RECORD EXCERPTS Block Start

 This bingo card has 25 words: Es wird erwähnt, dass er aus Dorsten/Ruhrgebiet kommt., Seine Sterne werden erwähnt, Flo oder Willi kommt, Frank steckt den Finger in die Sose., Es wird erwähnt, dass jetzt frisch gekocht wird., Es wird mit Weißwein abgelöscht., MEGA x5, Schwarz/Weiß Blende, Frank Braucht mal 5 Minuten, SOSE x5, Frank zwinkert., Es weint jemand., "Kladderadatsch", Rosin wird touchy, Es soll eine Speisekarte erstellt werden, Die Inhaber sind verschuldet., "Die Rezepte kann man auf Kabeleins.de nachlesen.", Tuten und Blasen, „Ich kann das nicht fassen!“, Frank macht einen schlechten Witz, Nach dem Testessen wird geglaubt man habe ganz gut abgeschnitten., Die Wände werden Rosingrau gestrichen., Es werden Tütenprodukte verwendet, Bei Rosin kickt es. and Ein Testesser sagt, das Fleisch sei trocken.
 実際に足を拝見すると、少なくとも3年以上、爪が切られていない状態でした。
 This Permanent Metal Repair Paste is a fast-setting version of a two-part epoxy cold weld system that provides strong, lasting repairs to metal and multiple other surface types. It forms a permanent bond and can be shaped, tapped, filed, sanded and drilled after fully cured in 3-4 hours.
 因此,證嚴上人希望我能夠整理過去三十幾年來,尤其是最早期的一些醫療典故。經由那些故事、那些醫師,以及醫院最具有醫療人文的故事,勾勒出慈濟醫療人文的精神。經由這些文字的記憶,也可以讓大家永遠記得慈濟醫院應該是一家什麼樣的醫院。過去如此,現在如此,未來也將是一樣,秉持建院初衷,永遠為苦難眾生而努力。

RECORD EXCERPTS Block End
RECORD EXCERPTS Block Start

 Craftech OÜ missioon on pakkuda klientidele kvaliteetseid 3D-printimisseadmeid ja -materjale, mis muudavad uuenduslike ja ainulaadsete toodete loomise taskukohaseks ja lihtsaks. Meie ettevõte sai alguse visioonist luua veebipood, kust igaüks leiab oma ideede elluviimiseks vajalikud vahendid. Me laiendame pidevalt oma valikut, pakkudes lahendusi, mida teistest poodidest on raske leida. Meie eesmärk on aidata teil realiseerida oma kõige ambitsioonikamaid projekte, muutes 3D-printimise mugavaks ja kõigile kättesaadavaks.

RECORD EXCERPTS Block End
RECORD EXCERPTS Block Start

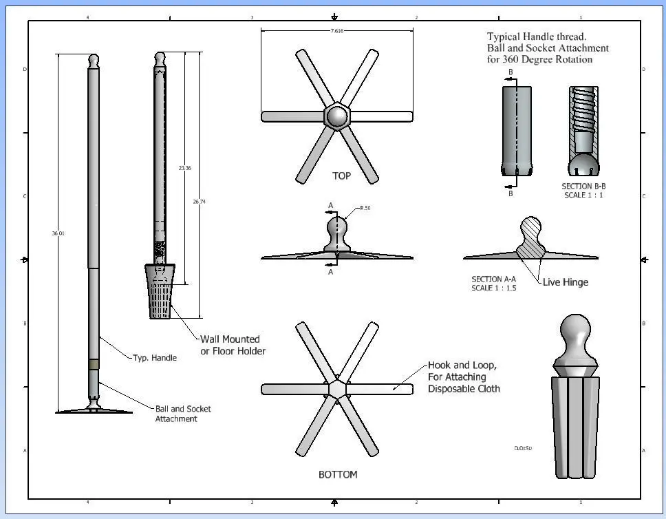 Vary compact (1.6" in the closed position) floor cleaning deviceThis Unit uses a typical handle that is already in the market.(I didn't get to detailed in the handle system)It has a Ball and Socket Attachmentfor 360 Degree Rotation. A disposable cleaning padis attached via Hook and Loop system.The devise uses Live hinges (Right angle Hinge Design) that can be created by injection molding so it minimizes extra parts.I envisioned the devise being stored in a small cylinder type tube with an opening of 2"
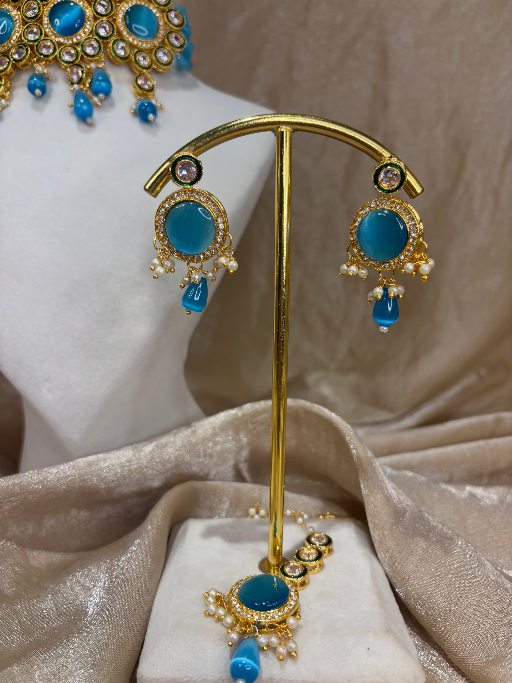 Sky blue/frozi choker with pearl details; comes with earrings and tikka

RECORD EXCERPTS Block End

▶ _WHAT YOU NEED TO DO_: Each line above from the one with "This bingo card" up to and including the one with "実際に足を拝見すると、少なくとも3年以上、爪が切られていない状態でした。" must be set down exactly, and no line outside that span may appear.

▶ _TASK RESULT_:
 This bingo card has 25 words: Es wird erwähnt, dass er aus Dorsten/Ruhrgebiet kommt., Seine Sterne werden erwähnt, Flo oder Willi kommt, Frank steckt den Finger in die Sose., Es wird erwähnt, dass jetzt frisch gekocht wird., Es wird mit Weißwein abgelöscht., MEGA x5, Schwarz/Weiß Blende, Frank Braucht mal 5 Minuten, SOSE x5, Frank zwinkert., Es weint jemand., "Kladderadatsch", Rosin wird touchy, Es soll eine Speisekarte erstellt werden, Die Inhaber sind verschuldet., "Die Rezepte kann man auf Kabeleins.de nachlesen.", Tuten und Blasen, „Ich kann das nicht fassen!“, Frank macht einen schlechten Witz, Nach dem Testessen wird geglaubt man habe ganz gut abgeschnitten., Die Wände werden Rosingrau gestrichen., Es werden Tütenprodukte verwendet, Bei Rosin kickt es. and Ein Testesser sagt, das Fleisch sei trocken.
 実際に足を拝見すると、少なくとも3年以上、爪が切られていない状態でした。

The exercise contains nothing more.